Kakashi let out a giggle, "I think we wiiiin Hiddddaaaaa-chayan!" He squealed, "SILVERS RULLLE! AND THE WEIIIIRRRRRDOOOOOS DROOOOL!" He yelled, twirling successfully. Hidan let out a giggle as well, before promptly tipping back wards and passing out. Kakashi then quickly shoved his mask down and barfed in his pong cup before hurriedly pulling his mask up and walking away. Kakashi let out a drunken woop and a yell of "I WOOOOOOOON!" Before he stumbled over to sit in a recliner
Not far from where Gai and Kisame landed, passed out. Kakuzu looked outraged at Sai's fake, drunken smile at the fact the emotionless drunk man just won 5,000,000 yen from him. He paid the man and stumbled off to go collect some of his money.
Tobi ran in a little bit later on (when everyone's chakra made them sober) and he grinned, "Hey guys! Tobi found this list on line and it has all these things to get kicked out of a walmart! Tobi made a team to go in and stuff that person has to do!" He grabbed his hefty cup stash and eleven papers, passing one out to each of the people (Sakura, Sasori, Suigetsu, Ino, Sasuke, Naruto, Itachi, Neji, Hidan, and Kakuzu.) and kept two for himself.
Sakura and the others finally managed to get to a Wal-Mart, bickering and driving aside. It was 5 o'clock in the afternoon, everyone was there. Sakura looked downright depressed, Naruto excited, Ino displeased with stepping foot in any store that wasn't designer or anything but a walmart or Sam's Club. Sasuke, Sasori, Itachi, and Neji were all bored. Suigetsu was sulking with Sakura and Tobi bounced around, being the source of Hidan and Kakuzu's annoyance.
Ino, commanding as always, took charge, "Okay, we're gonna get this done quick because I want to go home, so if anyone has anything to say but complete and total agreement they better shut the fuck up cuz I don't want to hear it." She gave them a look that caused them to freeze. "The teams are going to be me, Tobi, Kakuzu, Naruto, and Suigetsu. Sakura, Sasori, Sasuke, Neji, Hidan, and Itachi make up the second team, we are going to go in, get this done and the team to get done last has to do something unspeakable, understood?"
Sakura and Suigetsu groaned.
Sakura sighed and looked back at the group, getting nods, Gods why did she have to do this?
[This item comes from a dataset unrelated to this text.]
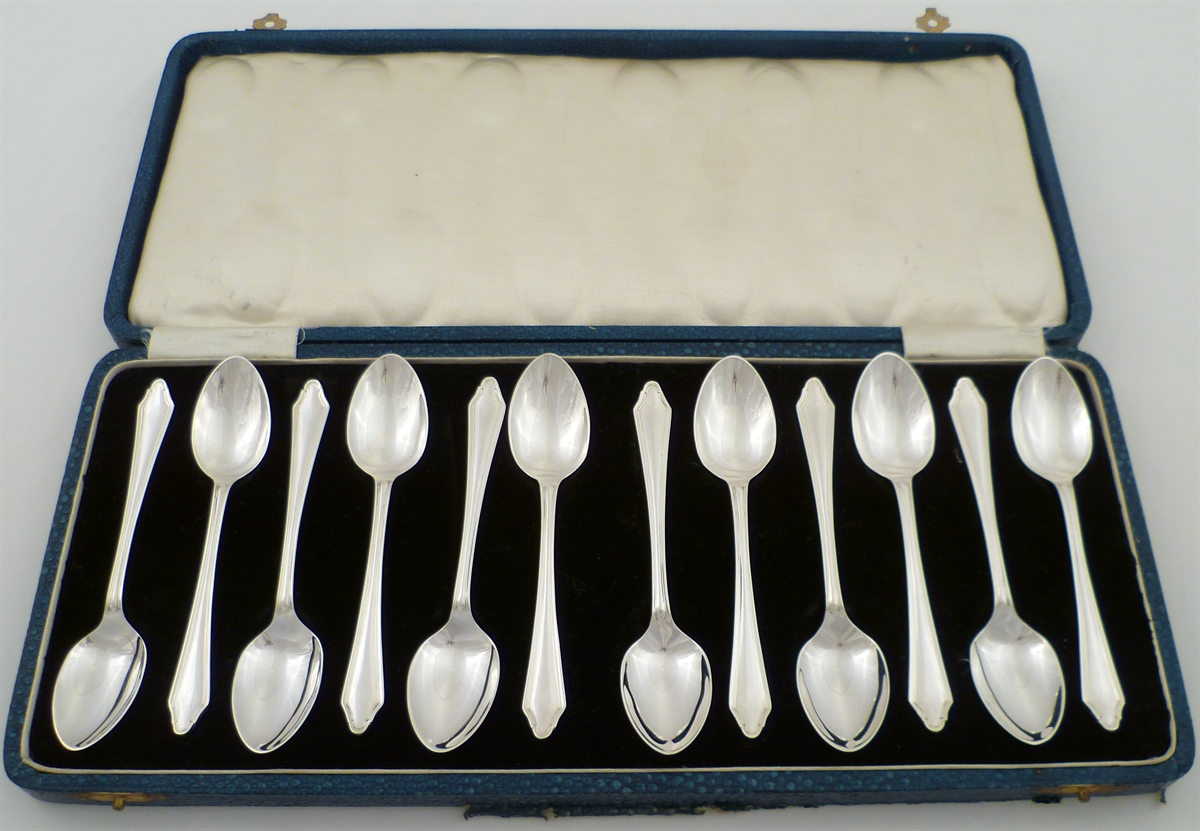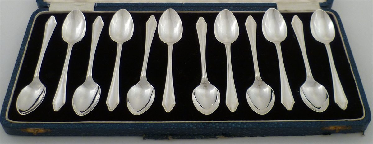 DESCRIPTION | Cased set of twelve Art Deco solid silver coffee spoons. |

She sighed and looked around for a couple. Spotting one halfway down the aisle, she ran down towards the man, grabbing him by the shoulders and twisting him around, her manicured nails leaving lines on his face as her hand connected with a resounding SLAP.
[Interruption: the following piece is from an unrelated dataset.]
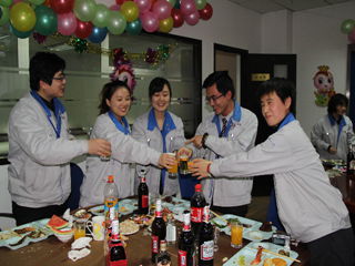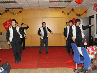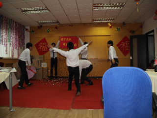 中午酒会开始,员工们表演了自编节目,节目丰富精彩。

"YOU COMPLETE UTTER BASTARD!" She screeched, backhanding him, "I thought what we had was special! HOW DARE YOU!" She kneed him in the groin and walked away swiftly her heals clicking against the ground as her pencil skirt looked darker than black in the dim lighting and her white lab coat gray.
"Honey… what was that all about?" the woman asked.
"Honestly, mom, I have no idea… I've never seen that woman in my life."
Right as Ino made sure no one, Sakura was just exiting one of them, was in the aisles, she ran at them and knocked them down, before running through the other group screaming "EARTHQUAKE! RUN FOR YOUR LIVES EVERYBODY!"
Kakuzu glared, this sucked, he took his whip and cracked it at the price signs, his mascot smiley face grinning, "ROLLBACKS! ROLLBACKS!" Everyone walked by, finally when some lady and her many toddlers walked by, he screamed, "YOU FUCKERS BETTER LISTEN TO ME!" The lady stopped, surprise marring her features. "I SAID! ROOLLLLBAACKSS!" He drawled loudly. "GET IT SHIT HEADS? GO BY SOME SHIT!"
Some where far away, Ino smacked her head in exhasperation.
"We have the lowest prices in Japan, you can shop smart, or K-mart SMART. In K-mart we have all the things walmart does plus more at prices that beat out even HEB and Krogers, Walmart's no exception! Come stop by. Now a message from KMART:"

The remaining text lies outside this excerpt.